JON HAMILTON, BYLINE: When Alois Alzheimer first described the condition more than a century ago, he noted that patients’ brains contained distinctive plaques. Then, in the 1980s, scientists showed that these plaques were made of a sticky substance called beta-amyloid. And ever since, most efforts to treat Alzheimer’s have focused on getting rid of the sticky substance. Dr. Randall Bateman of Washington University in St. Louis says that still makes sense.
RANDALL BATEMAN: We have 30 years of solid data, thousands of studies that all say this is sufficient to cause Alzheimer’s.
HAMILTON: And yet, a growing number of drugs that reduce amyloid have failed to slow down the disease. For example, Bateman and a team of researchers gave the drug gantenerumab to people with a gene that causes Alzheimer’s in middle age. He says an analysis of the drug’s effects offered mixed results.
BATEMAN: What we found in that analysis was that it had reversed the amyloid plaques in their brains, some of them to near-normal levels. We did not have evidence of a thinking-memory benefit.
HAMILTON: Even so, Bateman thinks it’s too soon to abandon the amyloid hypothesis. He says gantenerumab seemed to delay several brain changes associated with Alzheimer’s. And in September, a preliminary report suggested the drug lecanemab actually did slow down the loss of memory and thinking. So Bateman thinks anti-amyloid drugs can still work.
BATEMAN: Penicillin, a great breakthrough, failed its first two clinical trials. Fortunately, people didn’t say, oh, the antibiotic theory is a bad idea, and we should give up on it.
HAMILTON: Bateman says anti-amyloid drugs may have failed so far because they’ve been given to people who already had plaques in their brains. At that point, he says, it may not be possible to stop the process that leads to the destruction of brain cells. So Bateman is banking on a study that will start treatment much earlier.
BATEMAN: My prediction is it will work, and it will work fantastically if we can really prevent the plaques from starting and taking off and those downstream changes from going. My prediction is these people will never get Alzheimer’s.
HAMILTON: If prevention fails, though, Bateman says it could mark the end of an era.
BATEMAN: Many of us think of that as the ultimate test of the amyloid hypothesis, that if that doesn’t work, nothing will work.
HAMILTON: The primary prevention trial will be run by Bateman’s colleague, Dr. Eric McDade. McDade says it’s based on the idea that when amyloid begins to build up in the brain, it initiates a cascade of adverse events. These include the appearance of toxic tangles inside neurons, the loss of connections between neurons, inflammation and ultimately brain cell death.
ERIC MCDADE: What we’re actually trying to do is to prevent that amyloid pathology from developing in the first place.
HAMILTON: McDade says that will mean starting treatment long before symptoms appear.
MCDADE: At the point of somebody having symptoms, we know now that they probably have had amyloid in their brain for one to two decades.

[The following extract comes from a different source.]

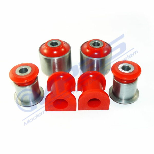Czym są tuleje poliuretanowe? PU składa się z izocyjanianu i poliolu, które są wytwarzane z ropy naftowej. Połączenie tych dwóch substancji oraz dodanie kilku pomocniczych jak stabilizatory, katalizatory, środki spieniające wpływa na powstanie poliuretanu. Możemy regulować sztywność materiału za pomocą tych proporcji składników. Nasze zawieszenie narażone jest na różnego rodzaju obciążenia. Elementy z gumy z biegiem czasu kruszeją i ulegają uszkodzeniu. Dostępne średnice stabilizatora przedniego: 21mm,22mm,23mm,24mm,26mm W skład zestawu wchodzi: - 2szt. Tuleja wahacza przedniego przednia - 2szt. Tuleja wahacza przedniego tylna - 2szt. Tuleja stabilizatora przedniegoLiczba zestawów potrzebna na samochód: 1Pasuje do:- VW Transporter T5 2003- Twardość: 80ShA lub 90ShA Kod produktu: 6505202

HAMILTON: Like the earlier study, this one will give gantenerumab to people from families with gene mutations that often cause them to get Alzheimer’s symptoms before age 50. But McDade says this time, the team will begin treating people as young as 18.
MCDADE: The earliest they can come in is 25 years before we anticipate they would start to develop symptoms. And so for most of these families, that actually puts them in their mid-20s where we’re going to start this trial.
HAMILTON: The study will enroll about 160 people, which is small for a drug study. But because the scientists know the genetic background of each participant, they can predict when a person would be expected to develop amyloid plaques. McDade says that means the team can focus on other markers of the disease, like tangles and cell damage.
MCDADE: If we prevent amyloid pathology from developing and these other markers continue to develop and unfold, this would be one of the best ways to say, rather conclusively, listen; amyloid is really not what we should be targeting.